India's economy shrunk by 7.3 percent in the fiscal year that ended in March even though the growth rate picked up in the fourth quarter, just before the world's worst coronavirus outbreak hit the country.
This is the first full-year contraction in the Indian economy, Asia's third biggest, in the last four decades since 1979-80, when GDP had shrunk by 5.2 per cent.
The Gross Domestic Product (GDP) in the Indian economy grew by 1.6 percent in the January-March period, up from 0.5 percent in the previous quarter. GDP had grown by 3 percent in the January-March quarter in 2020.
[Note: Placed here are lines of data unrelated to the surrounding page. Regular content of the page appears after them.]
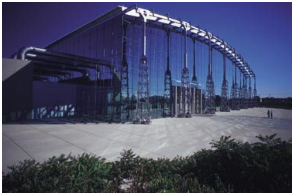
Die »Library and Archives Canada«, die aus der Fusion von Nationalbibliothek und Nationalarchiv hervorging, verfügt über doppeltes Finanzvolumen und über mehr politischen Einfluss als ihre Vorgängerinstitutionen.

Die gerade erst im Herbst 2005 eingeweihte Bibliothek der École Polytechnique erstreckt sich über die beiden obersten Etagen der neuen Pavillons der Hochschule und ist ein gutes Beispiel für zwei neue Tendenzen der Bibliotheken Quebecs, nämlich sich für die Umwelt einzusetzen und ein »intellektuelles Forum« zu sein. 8 Die Lassonde-Pavillons, in denen sich die Bibliothek befindet, sind in der Tat schon bereits mehrere Male für Umweltfreundlichkeit ausge-
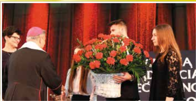
Kwiaty z podziękowaniem za mądre i dobre słowo.
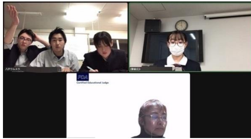
画面越しに POI! (八戸ウルスラ VS 雲雀丘)

The economy, which was facing a slowdown even before the pandemic broke out last year, contracted by 7.3 per cent during April 2020 to March 2021 fiscal (FY21), weighed down by nationwide lockdown that sent consumption plummeting and brought most economic activities to a halt.
The GDP expanded by 8.3 per cent in FY17 before slipping to 7 percent in the following fiscal and to 6.1 per cent in 2018-19.
According to data released by the National Statistical Office (NSO), India's real GDP contracted to Rs 135 lakh crore in FY21 (2020-21) from Rs 145 lakh crore at the end of March 2020.
To get back to March 2020 levels, the economy will have to grow by 10-11 percent in the current 2021-22 fiscal, but the outbreak of the second wave of Covid-19 infections last month has disrupted the momentum of economic activity and many expect the GDP may not touch double-digit growth rate despite the low base.
India's fiscal deficit stood at 9.3 percent of the GDP in the last fiscal, better than 9.5 per cent projected in the revised estimates in the budget in February.